2016 Fiscal Year Research-status Report
Framework for Studying Language Evolution using Large Scale Data
Project/Area Number |
15K12158
|
Research Institution | Kyoto University |
Principal Investigator |
Adam Jatowt 京都大学, 情報学研究科, 特定准教授 (00415861)
|
Project Period (FY) |
2015-04-01 – 2018-03-31
|
Keywords | term semantic change / historical linguistics |
Outline of Annual Research Achievements |
First, more detailed investigation has been carried on the methods of measuring across-time similarity. We have tested both global approach that is based on a single transformation matrix as well as local approaches which provide transformation points specific to a given query. The transformation matrix is used to transform query term representation from one vector space (e.g., trained on documents in 2010s) to another vector space (e.g., trained on documents published in 1980s). Using transformation matrix we can compare terms at different times based on their neural network representations. In addition, we have tested the effect of the choice of examples for training the transformation matrix. Our initial idea was to use frequent terms as training term pairs due to their expected low semantic drift over time. We extended this idea by selecting training term pairs based on the degree of their semantic evolution. The latter was computed using neural network representation over each year in the past. Finally, we tested our approach on long term document collection. The results have been published in TKDE journal.

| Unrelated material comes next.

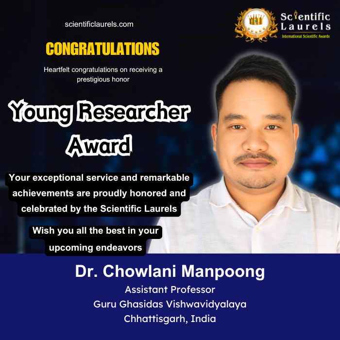 With a strong research background, significant publications, international exposure, patents, project leadership, and multiple national & international recognitions, Dr. Chowlani Manpoong is highly eligible for the Young Researcher Award under Scientific Laurels.

Our another effort went into automatically providing explanations for term similarity across time. This is done by looking for pairs of explanatory terms in the neighbourhood of query and its counterpart pair. Thanks to our approach it is possible to understand why given term such as iPod in 2010s is considered similar to term in another time period such as walkman in 1980s. This work has been published in BIGDATA2016 conference.
|
Current Status of Research Progress |
Current Status of Research Progress
2: Research has progressed on the whole more than it was originally planned.
Reason
The current effort is into improving the development for across-time similarity computation through clustering mechanism. The idea is to train transformation matrices on subsets of training seed pairs rather than on the whole set of training seed pairs.

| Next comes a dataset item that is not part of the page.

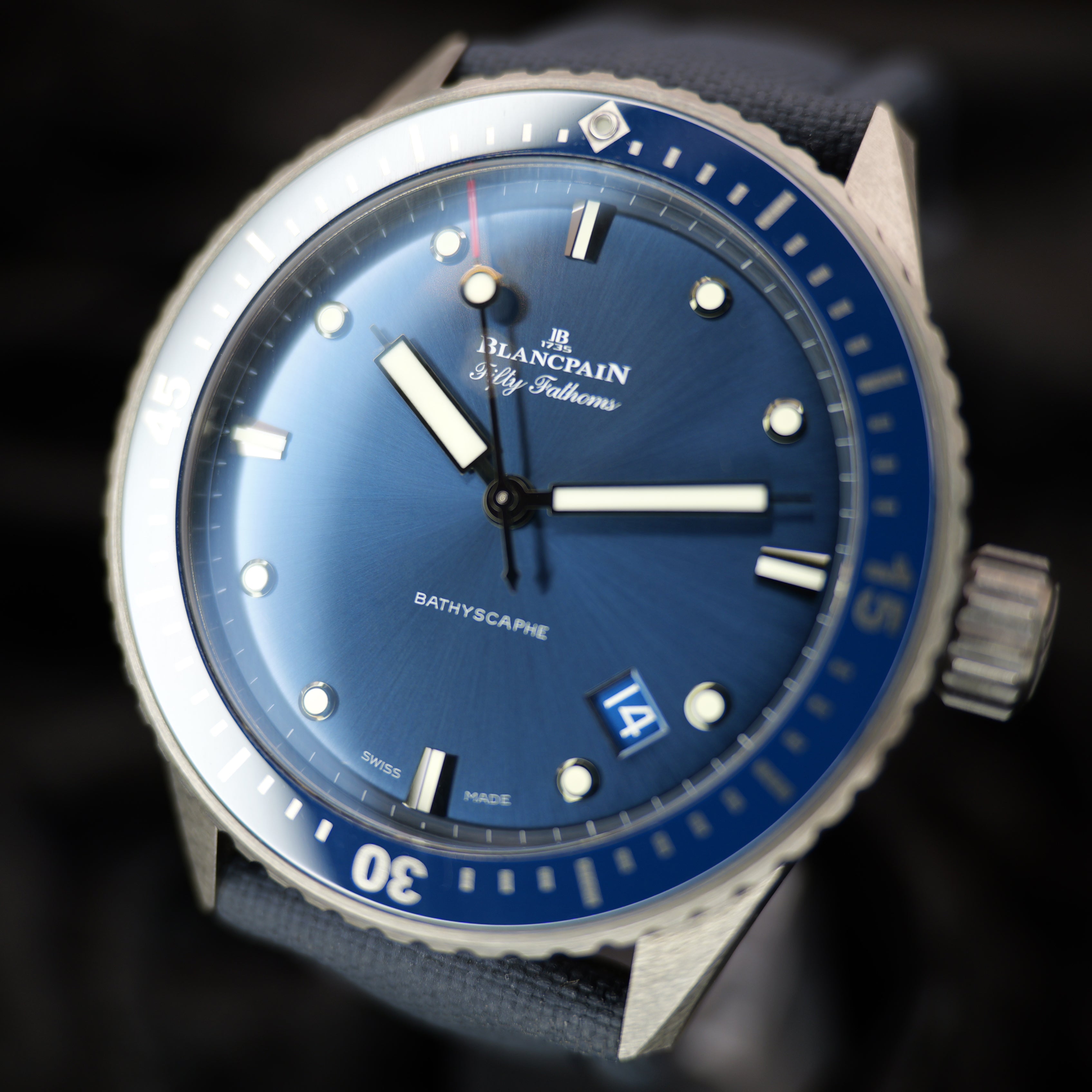 Blancpain Fifty Fathoms Bathyscaphe 5000-0240-O52A 43.6MM Blue Dial Full Set WARRANTY

We are also working on the development of term evolution analysis's interactive system and its evaluation. The system has been enriched in several non-standard functionalities such as estimating and quantifying evolution of term context. It is also possible to evaluate the semantic change of entire documents.
|
Strategy for Future Research Activity |
In the future, we plan to write a survey paper on the computational approaches for measuring semantic term change as well as provide more detailed interactive services for analyzing and understanding such changes.

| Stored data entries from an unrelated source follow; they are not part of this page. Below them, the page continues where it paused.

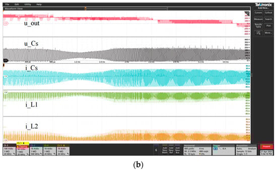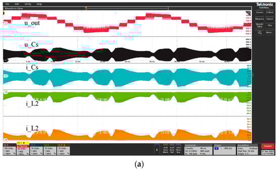 Operation of the DC-AC converter in the case of controlled switching frequency of the AIVB. Waveforms of the output voltage of the inverter (uout [100 V/div]), and voltage and current of the switched capacitor (uCs [50 V/div], iCs [10 A/div]), as well as currents of resonant chokes (iL1 [10 A/div], iL2 [10 A/div]). Waveforms’ time span: 40 ms (a) and 4 ms (b).
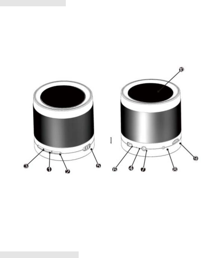 3. Previous Song/Volume Down 4. Indicate Light
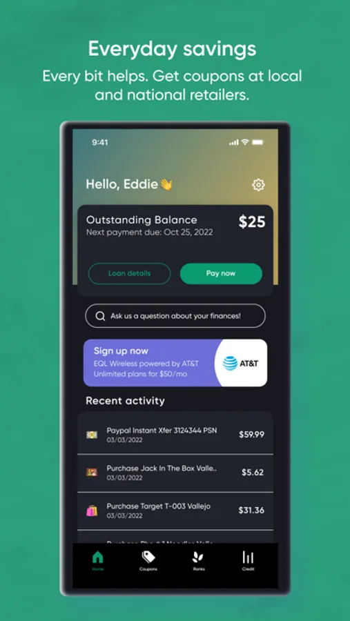 Get started in just 2 minutes by connecting your bank account and telling us where you work. We never check your credit. We support 10,000+ financial institutions, including Bank of America, Wells Fargo, Chase, Navy Federal Credit Union, and USAA.

One more idea is to quantify the evolution of concepts rather than single words and to involve the study of sentiment over time to be compared with the study of the term's semantic change.
|
Causes of Carryover |
Funding is needed for carrying research in the next fiscal year. The planned expenses will involve travel to international conferences, purchase of hardware and hiring programmers. We will also buy several books related to data mining and natural language analysis.
|
Expenditure Plan for Carryover Budget |
We plan to use the money first for the purchase of fast machine to conduct the research as well as for carrying it for presentations during international events. We need also to hire a person for supporting the project with programming.
|